Текст книги "Веселый мудрец"
Автор книги: Борис Левин
Жанры:
Советская классическая проза
,сообщить о нарушении
Текущая страница: 41 (всего у книги 44 страниц)
Вернулся к столу, жестом пригласив Новикова и Матвея сесть тоже:
– Похвалитесь своими успехами. Вы, Михайло Николаевич?
– Пусть Матвей. Если нужно, я дополню.
– Вы, руководитель местной управы, стало быть – вам и слово.
– Верно Матвей говорит. Итак, что нового?
Новиков наклонил голову чуть вперед, длинные редковатые волосы упали на лоб, он отбросил их легким движением и чуть выпрямился.
– Что ж, кое-что и у нас уже есть. Как мы поступаем? Прощупываем тех, кто нас интересует, присматриваемся, а со временем, если его образ мыслей окажется нам близок, тогда и предлагаем быть нашим сотоварищем. Нас уже двадцать три человека. Вы всех их знаете. А совсем недавно приняли братьев Капнистов.
– Обоих?
– Да. Честные молодые люди. В отца пошли.
– Знаю. Ну что ж, быть по сему. Не возражаю.
– Они нынче в Полтаве. Часто уезжают в свою Обуховку. Кажется, вы их соседи?
– Да, соседи, – кивнул Сергей и не обронил больше ни слова. Мог ли знать Новиков, почему бывал в Обуховке Сергей? Тянуло его послушать старого пиита – это так, но не менее того хотелось встретиться и с его сыновьями, и... Софьей – молоденькой дочерью создателя «Ябеды». Если бы мог, он бы чаще бывал там; к сожалению, не все в руках человека, в его воле. Впрочем, достаточно об этом, кроме душевного расслабления, ничего хорошего такие воспоминания не принесут, уж он-то знает... – Еще кто? – Голос его был по-прежнему ровным и чистым.
– Тарновский, губернский судья, и Алексеев – чиновник.
– Осторожнее с чиновниками. Хорошенько присмотритесь к ним. И это все?
– Нет, не все. Есть еще один человек. О нем намерен говорить отдельно. Я не решился пока предлагать ему войти в наше Товарищество. Воздержался не потому, что не верю ему, на него можно положиться, но есть другие причины, причем весьма важные. Теперь, коль вы, сударь, здесь, обсудим.
– Кто же этот человек?
– Котляревский Иван Петрович. Вы его должны знать. Майор в отставке, служит надзирателем пансиона для детей бедных.
– Следовало бы начать с того, любезный друг мой, что оный майор в отставке – автор широкоизвестной малороссийской поэмы «Энеида» и оперы «Полтавка».
– Вы правы. Но я не могу не указать на то обстоятельство, что и как воспитатель юношества он в высшей степени – исключительный. В пансион к нему по сей причине стремятся отдать своих питомцев очень многие, и не только малоимущие.
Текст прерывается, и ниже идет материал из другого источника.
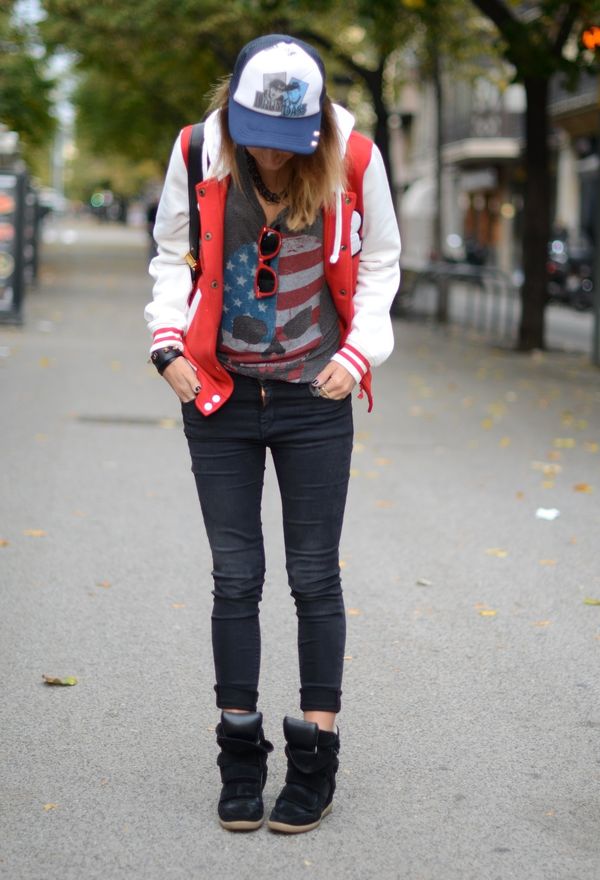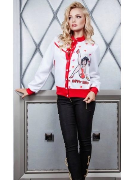 - The glamor and sports look of a red and white bomber jacket with a Betty print, wonderful jeans with a décor at the bottom, and red stilettos.

Находясь в пансионе, ему вверенном, и кончая гимназию, многие молодые люди, получив высокогражданское воспитание, уносят от этого человека немало, поступают в университеты, военные училища, академии и преуспевают там.
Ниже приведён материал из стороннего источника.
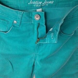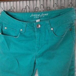 Justice Jeans Girls' Capri Stretch Simply Low Jeans Size 12.5 in gorgeous Turquoise Green.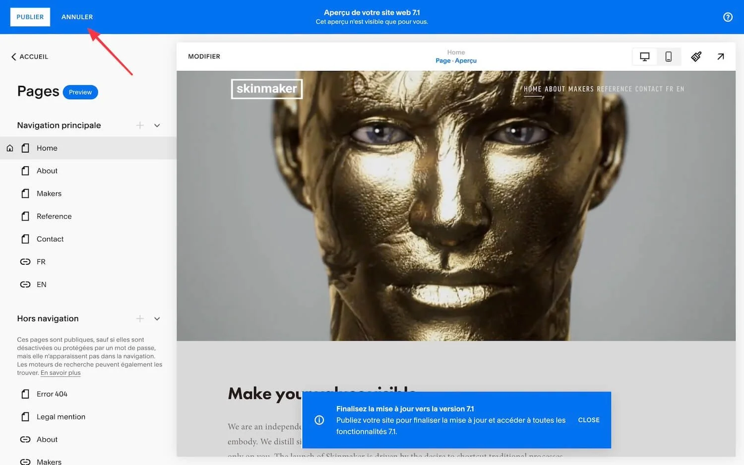 Dès que vous êtes prêt(e) à valider définitivement les changements et passer votre site vers la version 7.1, cliquez sur “Publier la mise à jour”.

– Это зело важно, други мои! – воскликнул Сергей.
– Ты еще не знаешь, брат, что за человек майор, – взволнованно заговорил Матвей. – Ты получишь истинное удовольствие, познакомившись и побеседовав с ним. А что он вчера сделал с Кочубеем! Расскажите-ка, Михайло Николаевич.
– С каким это? С тутошним предводителем?
– Именно с ним.
Новиков, загадочно усмехаясь, оставаясь внешне совершенно спокойным, рассказал о вчерашнем посещении Кочубея, не забыл при этом отметить, что побудило Котляревского отправиться к предводителю.
– Причины были весьма серьезные, Котляревский не надеялся на успех. Надо сказать, – заметил Новиков, – три года тому назад после жуковской трагедии он вернул Кочубею данные ему в качестве подарка деньги и поклялся не переступать порог дома оного. Вчера же решился, причем сразу, едва услышав о готовящемся походе воинской команды в то же самое сельцо. – Новиков обошел стол, сел рядом с Сергеем: – И представьте, друг мой, Кочубей – весьма трудный человек – услышал голос разума. Сегодня поутру он разорвал купчую с Кирьяновым.
– А тот? Согласился?
– Прибежал к князю с жалобой. Репнин его принял, выслушал и сказал...
Матвей подхватил:
– ...и сказал, что тут его прерогативы кончаются. Хозяин села – Кочубей... Вот чем кончилось это дело. Надо отдать должное майору: если бы не он, кто знает, как бы все обернулось.
Сергей налил в бокал сахарной воды и сделал одни за другим несколько глотков.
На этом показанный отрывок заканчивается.